Os Comitês Bancário e de Agricultura do Senado supervisionam diferentes partes do sistema financeiro, então as propostas precisam ser coordenadas com reguladores federais. Qualquer projeto do Senado que diferir da versão da Câmara precisará ser conciliado antes da promulgação.
## Resumo
O CLARITY Act representa um esforço amplo para remodelar a regulação de ativos digitais e o setor de cripto ao criar uma estrutura de mercado abrangente para ativos digitais nos EUA. O objetivo central é esclarecer a divisão de autoridade entre SEC e CFTC, estabelecendo regras para captação com tokens, negociação de commodities digitais, intermediários, custódia, DeFi e proteção ao investidor.
A proposta distingue entre um token e a transação por meio da qual é ofertado. O arcabouço daria à SEC supervisão sobre valores mobiliários e captação de ativos acessórios qualificados, ampliando a supervisão da CFTC sobre commodities digitais, mercados spot e intermediários registrados.

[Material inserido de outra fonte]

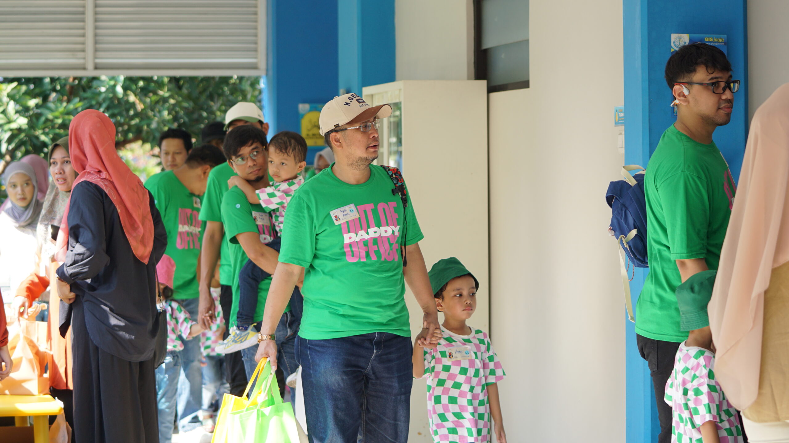 Ayah dan anak bergandengan tangan memasuki ruang kegiatan (Dokumentasi Tim Humas GIS 3 Jogja)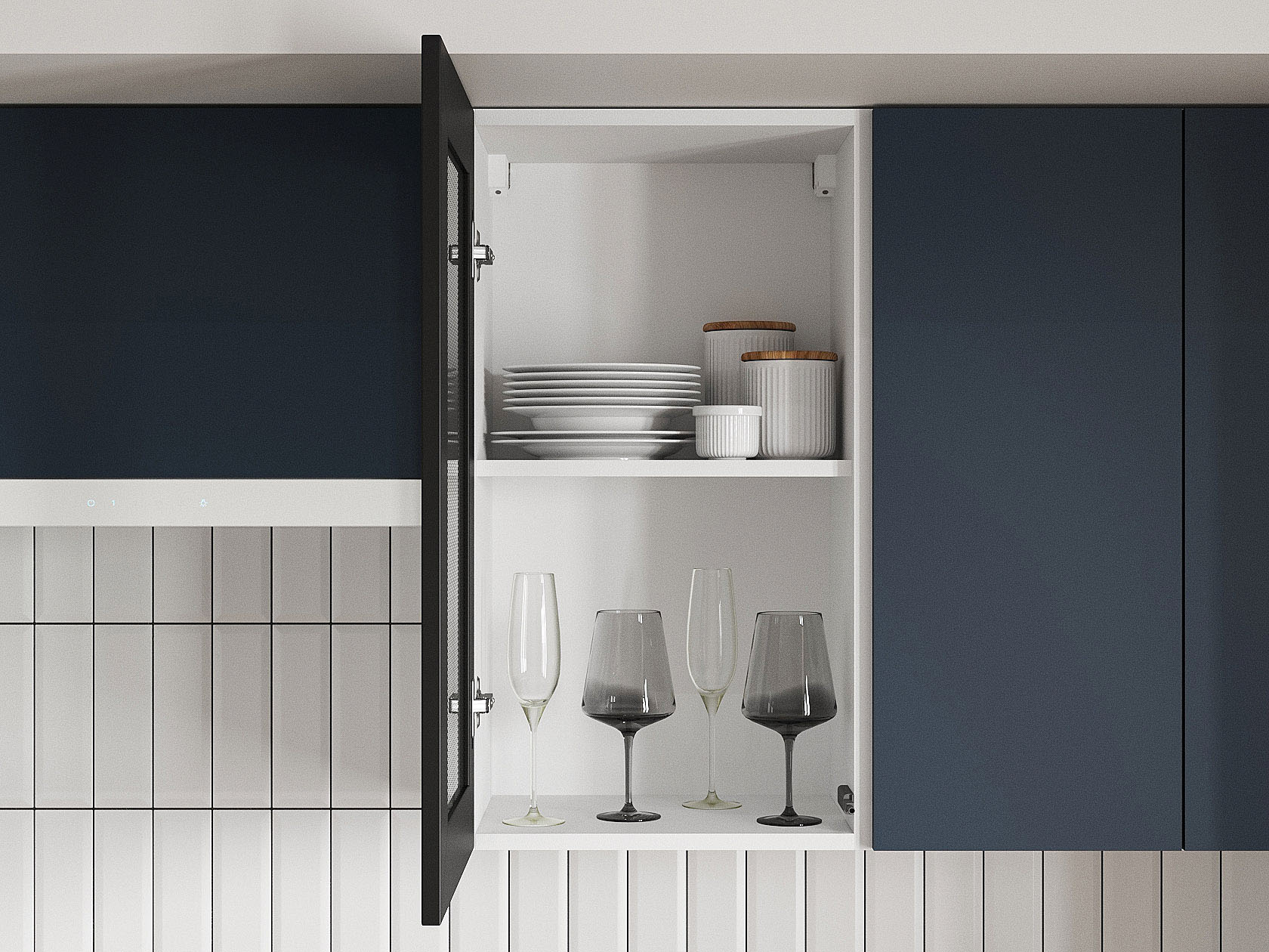 - Материал фасадов: МДФ 16 мм в пленке ПВХ, алюминий со стеклом.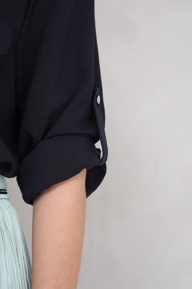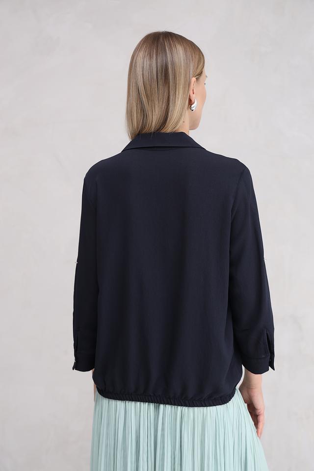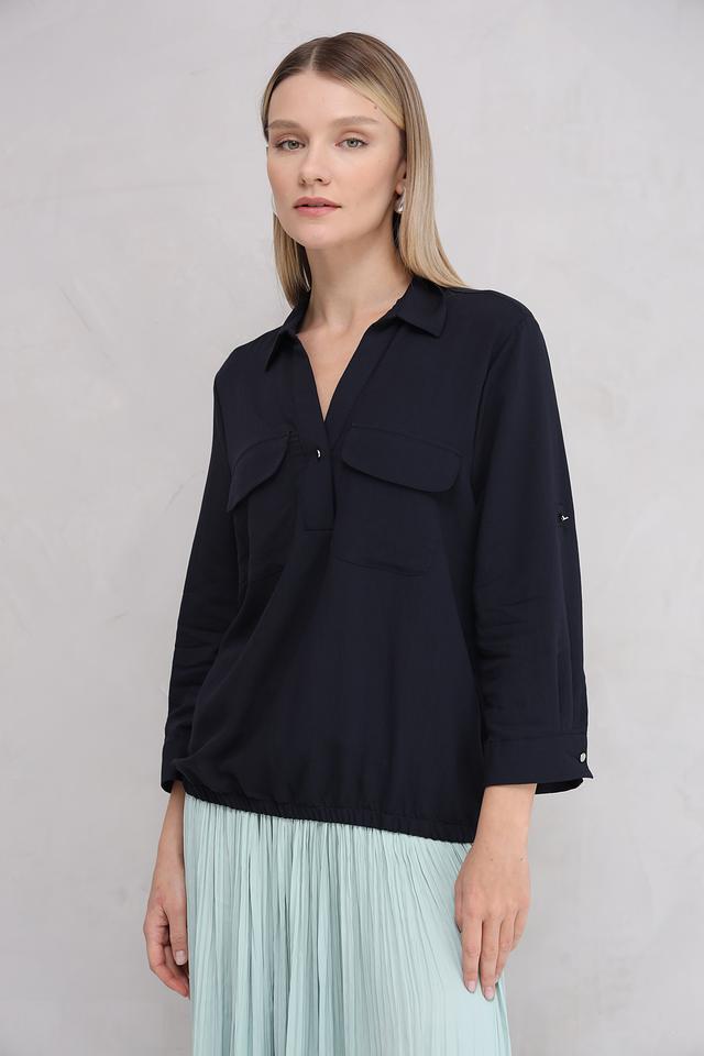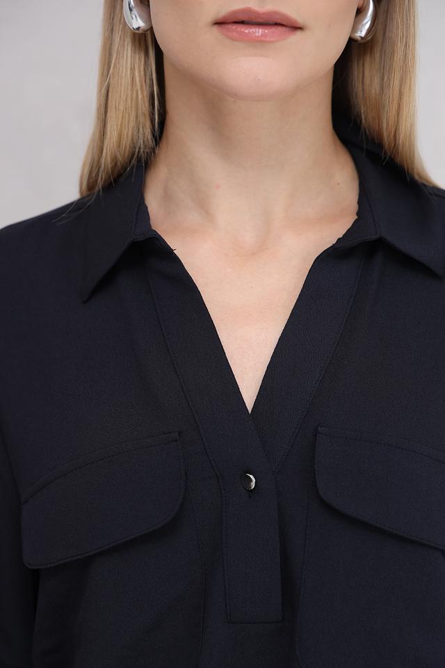 Блуза имеет V-образный вырез, который подчеркивает зону декольте, и короткие рукава с манжетами на пуговицах. На груди расположены два накладных кармана, которые добавляют блузе функциональности и стиля.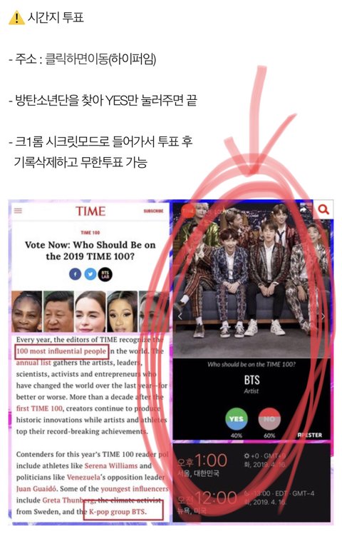 빨간 네모 쳐둔 영향력있는 100인을 눌러도, 케팝그룹 방탄을 눌러도.. 그냥 가수들 소개글만 나오더라규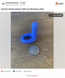A yellow, phallic rubber object of modest size was discovered by the user next to his kitchen sink. Feeling confused and a little uneasy, they searched Reddit for a solution. The original poster was relieved when the community immediately recognized it as a keychain for specific measuring cups or cups.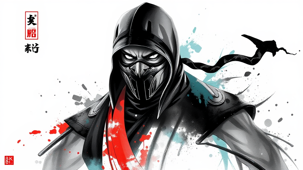 Sub Zero from Mortal Kombat in an ink artistic style with sleek typography elements, featuring abstract forms in complementary colors, blending simplicity and elegance reminiscent of traditional Chinese painting, set against a clean white background, in ultra-high definition 8K resolution, with subtle creative twists that enhance the core essence.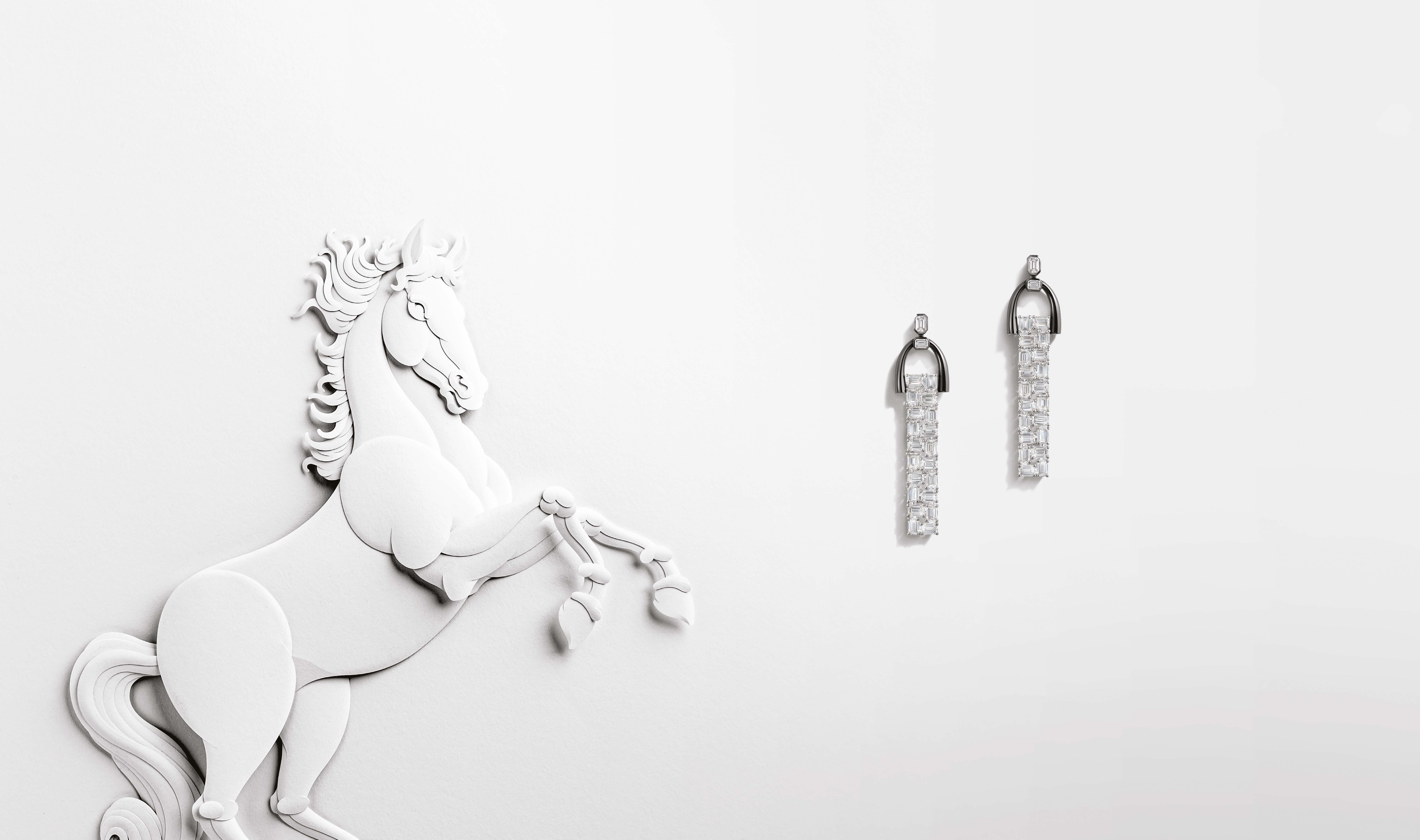 white gold stirrup bangle, a D-ring bitinspired enamel tennis bracelet, and black diamond and gold stirrup earrings.

A legislação pode aumentar a segurança jurídica para projetos e instituições financeiras, mas também introduz obrigações de divulgação, registro, proteção de ativos de clientes, prevenção à lavagem de dinheiro e conduta de mercado, com novas regras que podem impactar mercados de cripto e atividades com ativos digitais. O tratamento de ativos acessórios, DeFi, recompensas com stablecoins e conflitos políticos segue em debate.
Em 23 de julho de 2026, o CLARITY Act não é lei. Foi aprovado na Câmara e avançou no Comitê Bancário do Senado, refletindo impulso bipartidário, mas a promulgação ainda depende de novas ações no Senado, conciliação dos textos, aprovação presidencial e implementação pelas agências.
## Perguntas Frequentes
### Como o CLARITY Act difere do GENIUS Act?
O CLARITY Act foca em classificação de ativos digitais, mercados de negociação, intermediários e jurisdição SEC-CFTC. O GENIUS Act foca principalmente em emissores de stablecoin de pagamento, reservas, resgate e licenciamento.
### O CLARITY Act classificaria o Bitcoin como valor mobiliário?
O projeto não foi elaborado para reclassificar o Bitcoin como valor mobiliário. A visão atual da SEC trata a maioria dos tokens como valores mobiliários sob a legislação vigente, embora o Bitcoin normalmente seja analisado de forma diferente. As questões mais complexas de classificação envolvem tokens de rede, transações de captação, ativos acessórios e atividade de mercado secundário.
### Todo token seria regulado pela CFTC?
Não. Tokens que constituem valores mobiliários ou representam patrimônio, dívida, direitos a lucros ou outros interesses típicos de valores mobiliários permaneceriam sob jurisdição da SEC. A autoridade da CFTC cobriria principalmente commodities digitais qualificadas e seus mercados.
### A lei pode afetar plataformas de cripto fora dos Estados Unidos?
Sim. Uma plataforma offshore que atenda usuários dos EUA ou acesse o sistema financeiro norte-americano pode enfrentar exigências de registro, sanções, prevenção à lavagem de dinheiro ou acesso ao mercado, dependendo de suas atividades.
### O CLARITY Act proibiria carteiras autocustodiadas?
O arcabouço atual do Senado não proíbe autocustódia. Inclui proteções para usuários que mantêm seus próprios ativos e para desenvolvedores que não controlam fundos de clientes, preservando a fiscalização contra fraudes e atividades ilícitas.
### Quando o CLARITY Act pode entrar em vigor?
Não há data efetiva confirmada, e o cronograma depende de negociações sobre dispositivos éticos e apoio bipartidário. A proposta precisa concluir o processo legislativo, e muitos requisitos operacionais provavelmente dependerão de regulamentação posterior da SEC, CFTC e Tesouro, além de possíveis impactos das eleições de meio de mandato.